- Born: 22 July 1945 (age 81) Rabat
- Known for: co-founded the Bagdam Cafee in Toulouse
- Children: a son

= Jacqueline Julien =

French feminist (born 1945)

Jacqueline Julien (born 22 July 1945) is a French feminist, film maker and lesbian role model. She co-founded the Bagdam Cafée in Toulouse. This cafe is credited with moving the focus of French lesbian culture south. It closed after ten years but its virtual self continues today.

== Life ==
Julien was born in Rabat in Morocco in 1945. Her family were from Beauce. Her brother, who was eleven years older than her, was a non-commissioned officer during the Algerian war. She boarded at the Dreux college and Chartres high school. She discovered she was attracted to women and she punished twice for misconduct. She met Brigette Boucheron in Poitiers.

In about 1987 she was one of four partners who formed a successful consulting company for publishers.
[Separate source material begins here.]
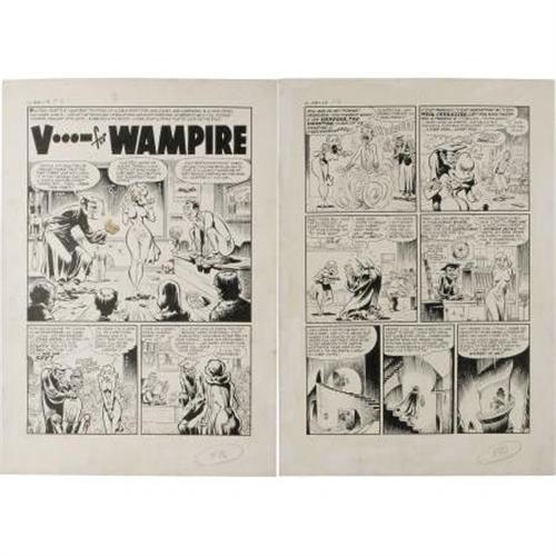 <B>Howard Nostrand - Flip #1, Complete 5-page Story "V...for Wampire" Original Art (Harvey, 1954).</B></I> Real vampires aren't born, they're made -- at good old Vampire U. Pretty Vanessa just wants to do her "field work" and graduate, but she can't seem to find a real man to have a "drink" with. Done in a brilliant parody of Jack Davis and Wally Wood's humor stylings, Howard Nostrand gives this story just the right touch of creepiness. Each page has an image area of 12" x 18", and the art is in Excellent condition.<BR><BR><b>Shipping:</b> Flat Material, Small (<a target="_blank" href="http://www.heritageauctions.com/common/shipping.php">view shipping information</a>)
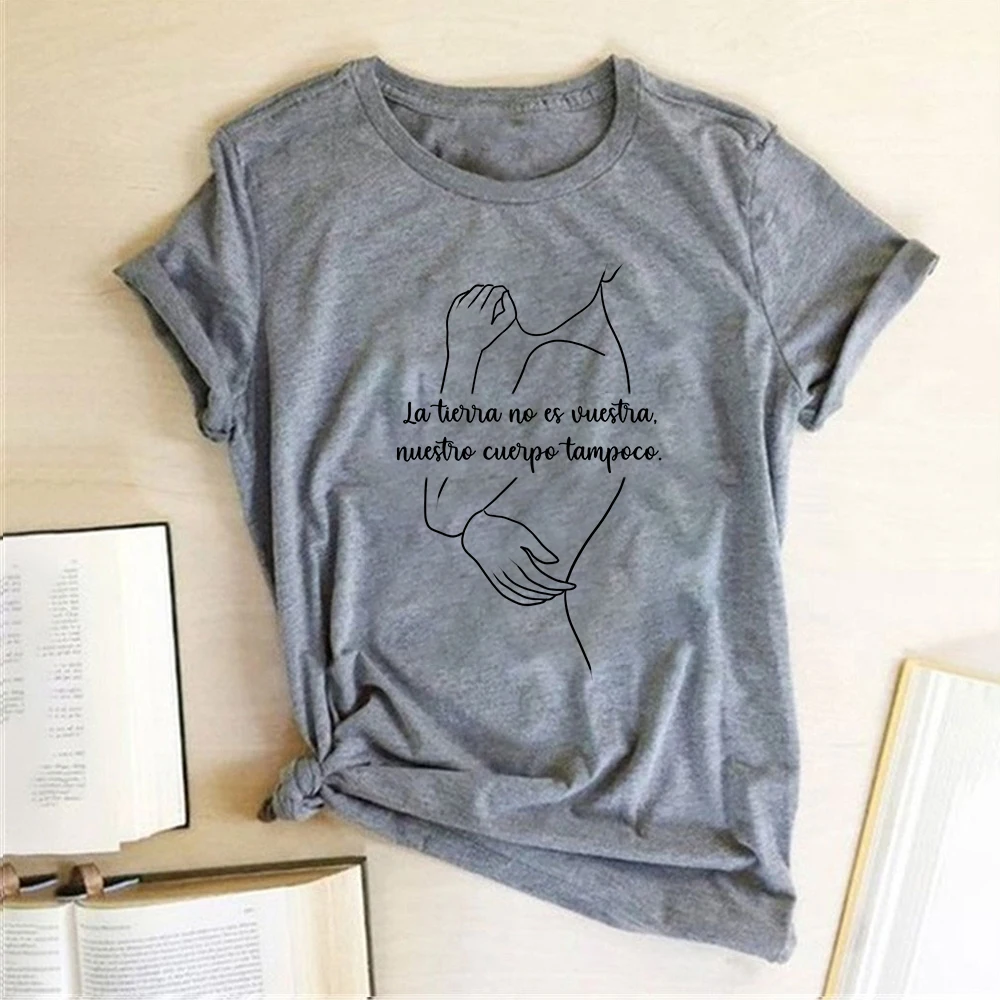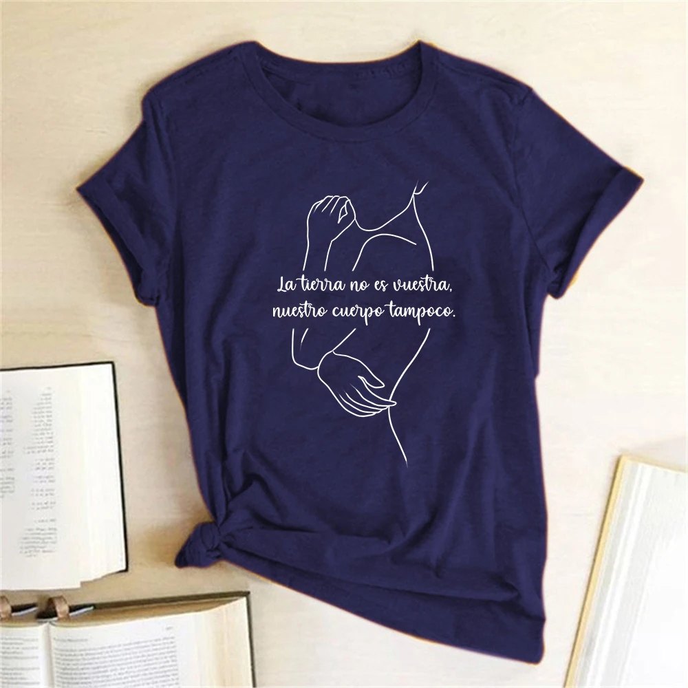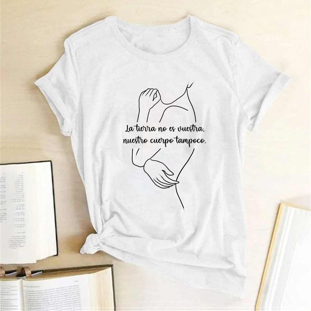 Женская футболка с короткими рукавами и круглым вырезом La Tierra No Es Vuestra Nuestro Cuerpo Tampoco, летняя футболка

In 1988 she and Brigitte Boucheron opened the Bagdam Cafée in Toulouse. This cafe is credited with moving the focus of French lesbian culture south, although Julien acknowledged that Toulouse had embraced the women's movement. She and Boucheron had been activists about ten years before but they had given up campaigning as it held no pleasure for them. Their cafe creation was targeted at pleasure as well as politics. This strictly women only cafe was part of a larger movement where lesbians were making themselves visible in society. Julien saw the cafe as a way of establishing a "new order".

The cafe only allowed women inside but it did not specify their sexual orientation. Nevertheless, the cafe was the focus for lesbian culture in the area of France known as the midi pyrenee attracting 8,000 visits during its existence. In 1995 alone it had dozens of events from seminars to films and it collected money for lesbian based legal battles. In 1997 the cafe had 400 women members.

The Bagdam Cafée closed on 1 January 1999 but its name continued in the Bagdam Espace Lesbien. This was more than a web presence, although that was part of it. The organisation published books, organised an annual festival named "Lesbian Spring", created other events as well as contesting legal events and organising protests. Nicknames that Toulouse has gathered include the "Pink City" and "Lesbopolis."

Julienne has created films and her first short film "Yes, I am single!" won a prize in Rome. Her film Time Bomb was filmed in Toulouse because it is known as the lesbian city. The central characters of the film are a lesbian couple and she was able to find 100 extras from the lesbian community to make up crowd scenes.

In 2020 the Lesbian Spring Festival was scheduled. Julien was featured in the press noting that this was the first time that the town hall had publicised the event.

== Publications et contributions ==

- with Brigette Boucheron, Le sexe sur le bout de la langue (Sex on the Tip of your Tongue), Toulouse, Espace Lesbien, 2002.